The company posted an adjusted loss of $0.86 per ADS for the quarter, missing analyst estimates for a loss of $0.03 by $0.83.
Quarterly revenue totaled $62.7 million, below the consensus forecast of $64.68 million, although the figure matched the company’s previously issued guidance. Revenue also declined 24% from $82.8 million reported in the same quarter last year.
Second-quarter forecast falls sharply below expectations
For the second quarter of 2026, Canaan projected revenue in the range of $35 million to $45 million.
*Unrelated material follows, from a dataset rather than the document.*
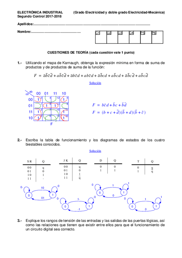 He publicado nuevos examenes de 2º Electrónica Industrial: Ejercicios-Karnaugh-examenes.pdf
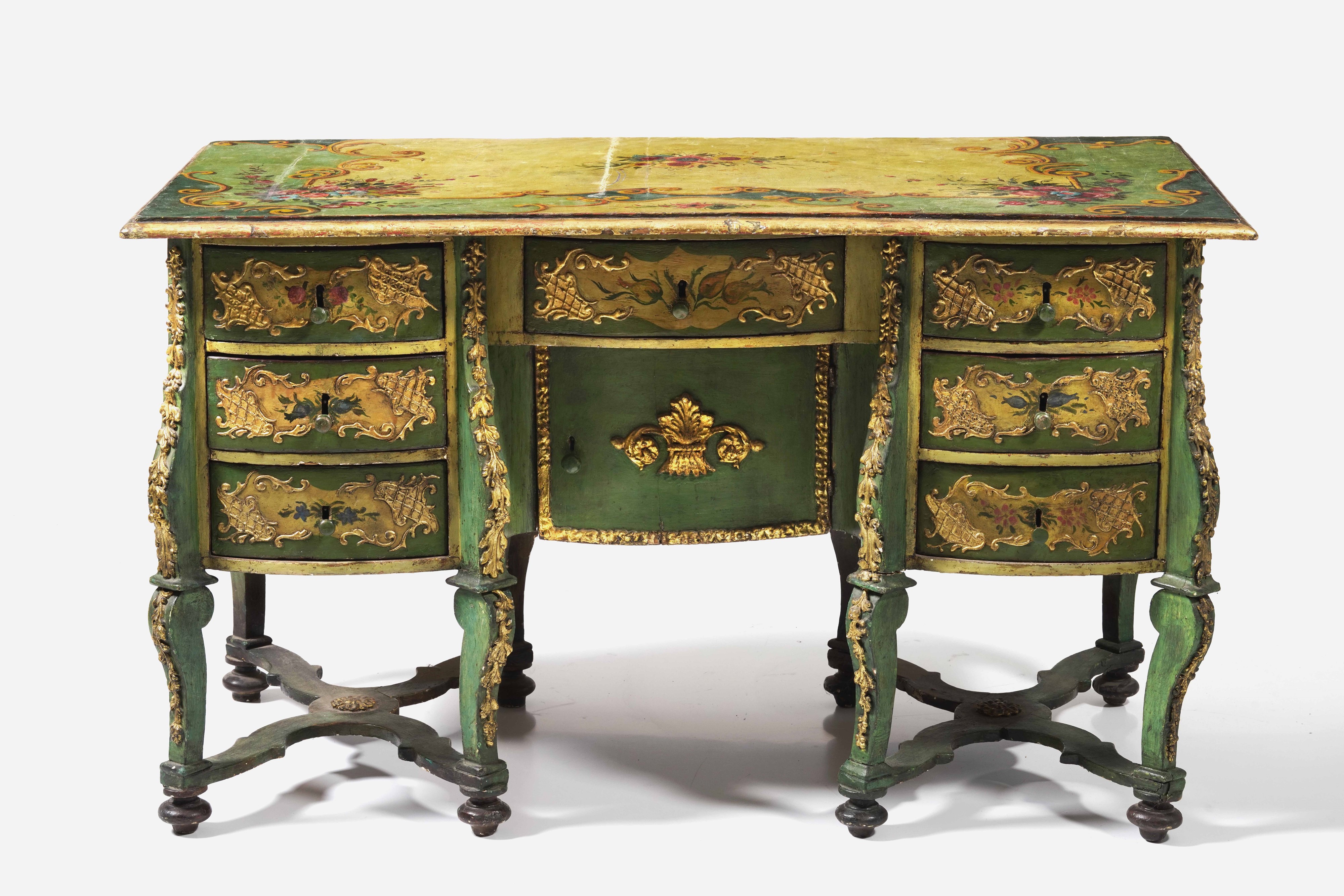 Scrivania mazzarina in legno dipinto. Veneto, XIX secolo

The midpoint of the outlook, at $40 million, was dramatically below analyst expectations of $98.15 million.
The company said the weaker guidance reflects “near-term market conditions and evolving customer dynamics.”
During the quarter, Canaan mined 257 bitcoins and expanded its cryptocurrency holdings to record levels of 1,807.60 BTC and 3,951.53 ETH as of March 31, 2026.
Installed mining computing power across the company’s 10 joint-mining projects reached around 11 EH/s, representing sequential growth of 10.7%.
“Despite bitcoin price volatility, compressed hashprice conditions, elevated energy costs, and weather-related disruptions in North America, we delivered total revenue of $62.7 million, which was in line with our guidance,” said Nangeng Zhang, chairman and CEO.
Losses widen despite expansion efforts
Canaan reported a net loss of $88.7 million for the quarter, compared with a net loss of $86.4 million in the same period a year earlier.
Adjusted EBITDA loss widened to $76.3 million from $38.1 million a year ago.
During the quarter, the company acquired a 49% stake in ABC Projects in West Texas from Cipher Mining, adding roughly 4.4 EH/s of operational hashrate capacity.
Canaan also said it deployed hash-to-heat infrastructure in the Nordic region, where 2 MW of capacity is currently operational.